__TASK PROMPT__
Pictures are to be skipped. Retype exactly the lines from the top of the material through the one with "Book featuring 15", and only those.

__DATA__
---+---
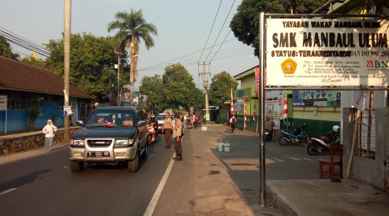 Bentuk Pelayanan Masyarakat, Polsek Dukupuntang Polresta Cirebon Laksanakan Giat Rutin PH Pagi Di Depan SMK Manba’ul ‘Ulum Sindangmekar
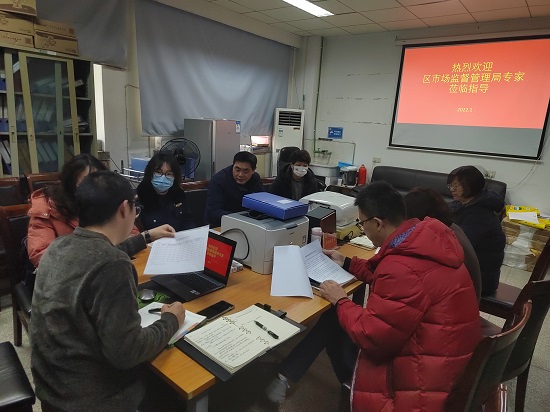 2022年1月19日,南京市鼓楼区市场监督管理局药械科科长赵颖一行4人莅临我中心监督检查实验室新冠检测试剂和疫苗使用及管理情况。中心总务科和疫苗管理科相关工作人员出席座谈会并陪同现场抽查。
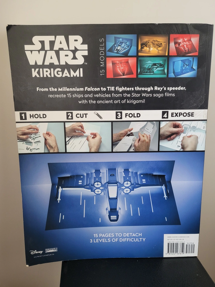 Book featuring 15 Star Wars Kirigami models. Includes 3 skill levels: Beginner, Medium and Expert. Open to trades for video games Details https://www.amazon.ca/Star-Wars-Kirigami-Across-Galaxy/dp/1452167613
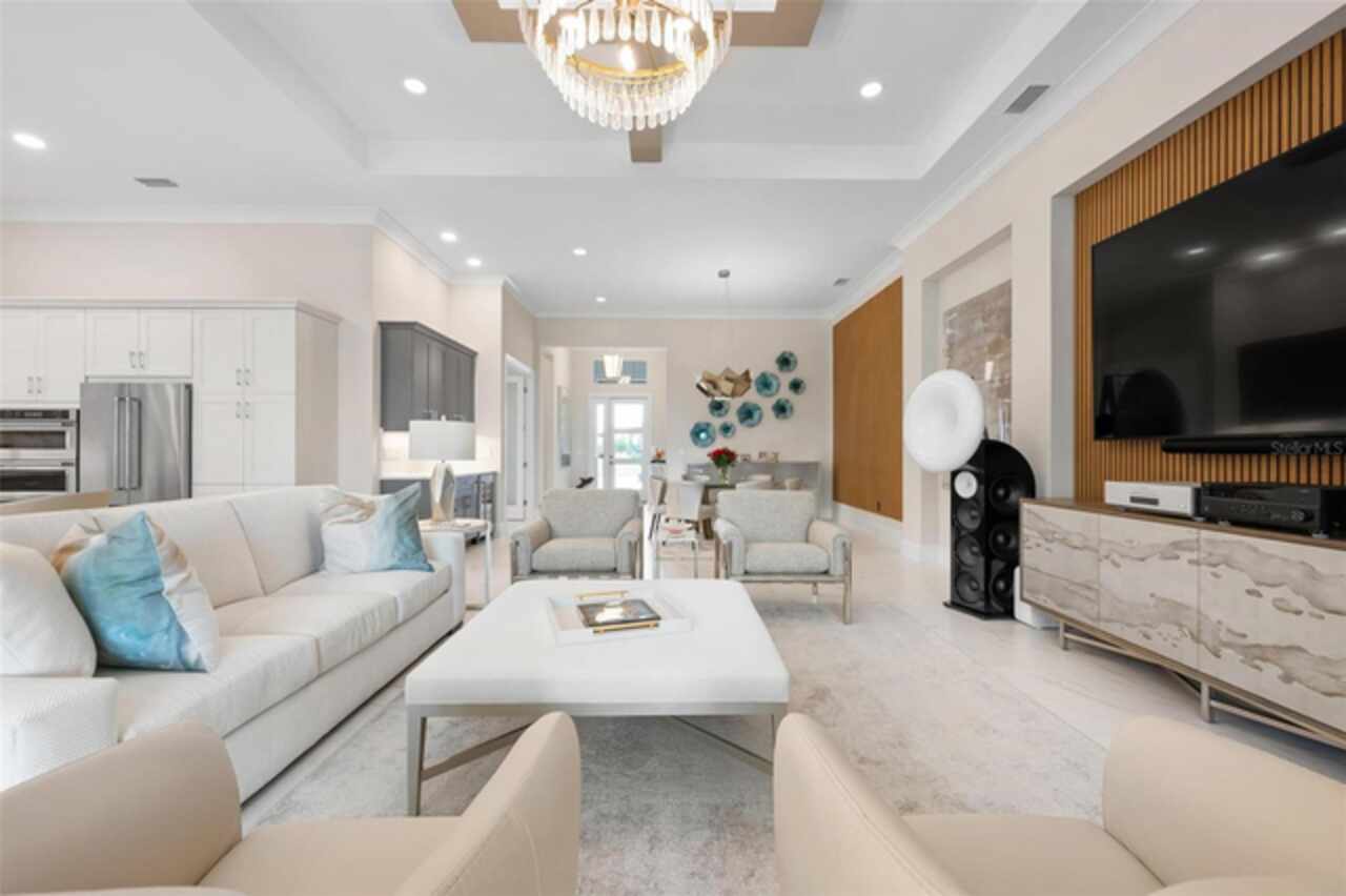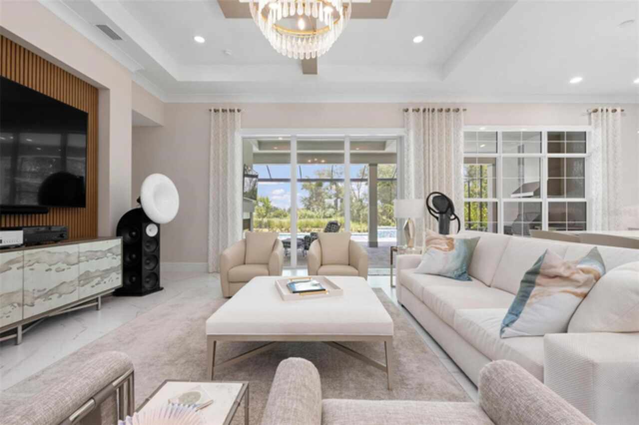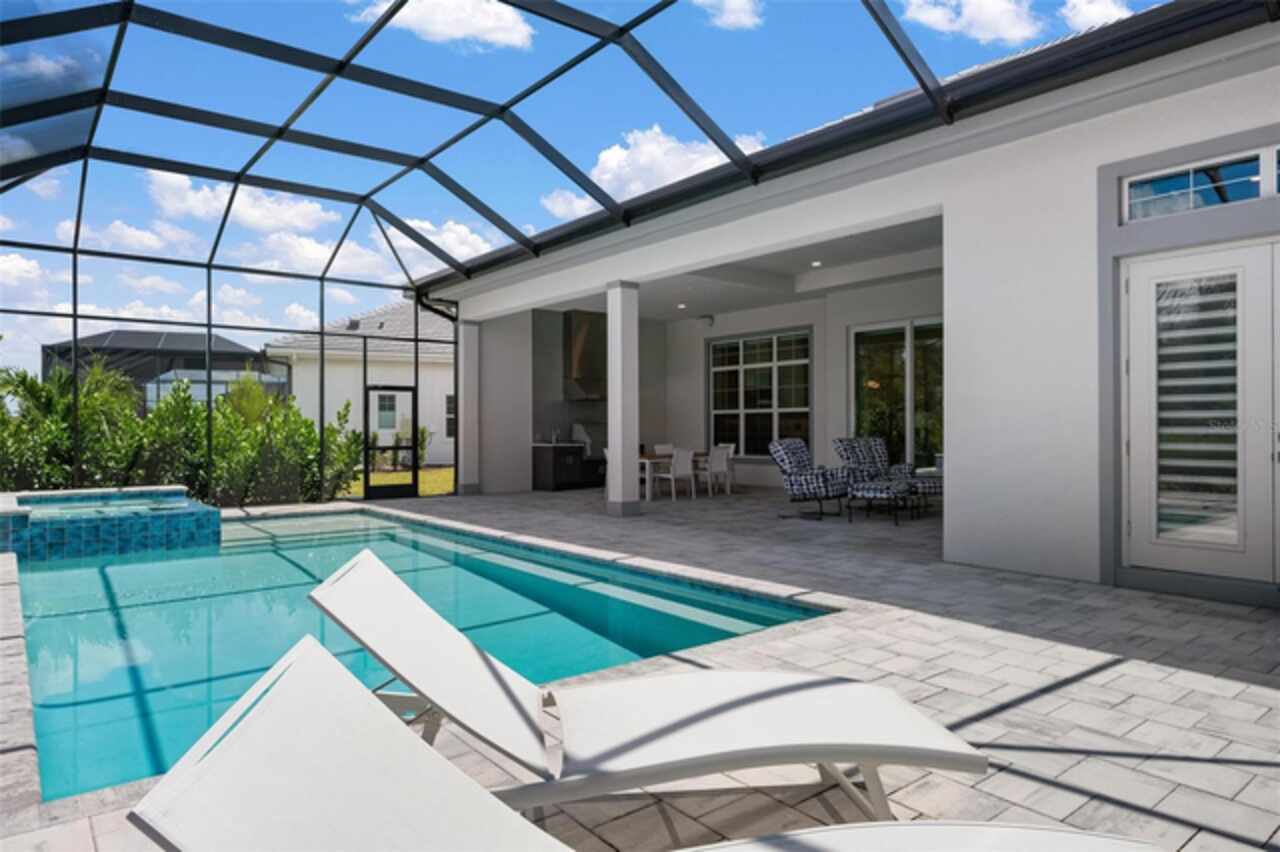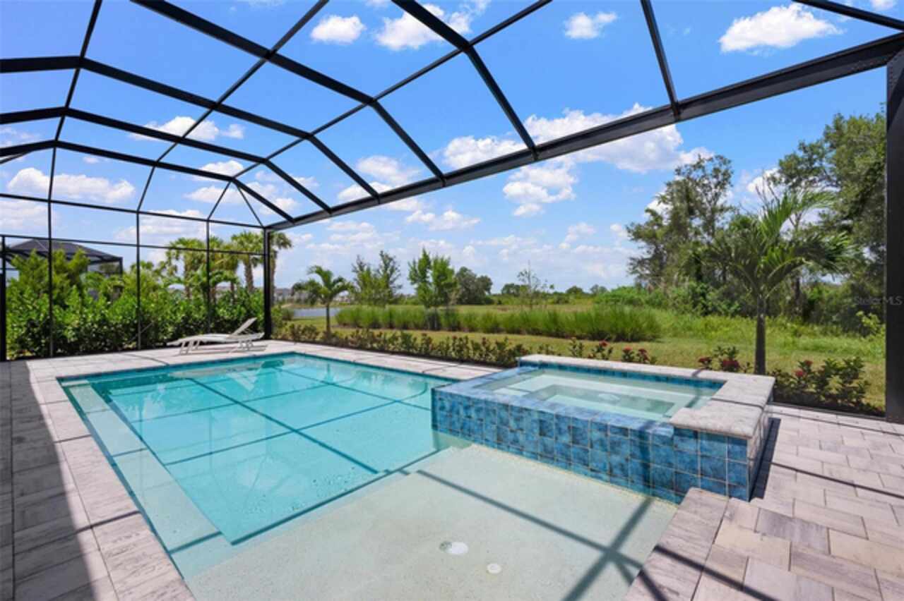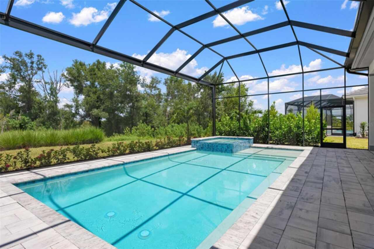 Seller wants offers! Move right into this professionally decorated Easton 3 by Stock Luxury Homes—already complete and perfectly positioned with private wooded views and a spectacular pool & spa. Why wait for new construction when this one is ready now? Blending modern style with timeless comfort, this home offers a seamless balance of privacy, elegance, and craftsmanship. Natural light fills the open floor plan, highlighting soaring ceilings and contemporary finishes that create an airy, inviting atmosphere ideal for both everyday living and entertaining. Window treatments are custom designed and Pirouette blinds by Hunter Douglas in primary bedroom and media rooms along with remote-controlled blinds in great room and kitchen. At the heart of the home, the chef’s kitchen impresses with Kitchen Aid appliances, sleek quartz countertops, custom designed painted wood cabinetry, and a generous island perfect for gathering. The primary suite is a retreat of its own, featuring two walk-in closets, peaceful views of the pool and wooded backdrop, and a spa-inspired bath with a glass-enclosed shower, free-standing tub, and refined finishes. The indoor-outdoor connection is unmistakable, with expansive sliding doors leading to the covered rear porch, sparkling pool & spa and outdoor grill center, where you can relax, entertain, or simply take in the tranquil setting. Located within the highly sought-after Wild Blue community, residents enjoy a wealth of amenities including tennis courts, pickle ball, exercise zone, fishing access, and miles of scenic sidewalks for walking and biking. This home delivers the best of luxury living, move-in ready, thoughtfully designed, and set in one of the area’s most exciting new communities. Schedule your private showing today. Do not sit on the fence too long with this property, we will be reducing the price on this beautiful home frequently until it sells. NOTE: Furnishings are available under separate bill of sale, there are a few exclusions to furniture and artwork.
---+---
__EXERCISE SOLUTION__
 Bentuk Pelayanan Masyarakat, Polsek Dukupuntang Polresta Cirebon Laksanakan Giat Rutin PH Pagi Di Depan SMK Manba’ul ‘Ulum Sindangmekar
 2022年1月19日,南京市鼓楼区市场监督管理局药械科科长赵颖一行4人莅临我中心监督检查实验室新冠检测试剂和疫苗使用及管理情况。中心总务科和疫苗管理科相关工作人员出席座谈会并陪同现场抽查。
 Book featuring 15 Star Wars Kirigami models. Includes 3 skill levels: Beginner, Medium and Expert. Open to trades for video games Details https://www.amazon.ca/Star-Wars-Kirigami-Across-Galaxy/dp/1452167613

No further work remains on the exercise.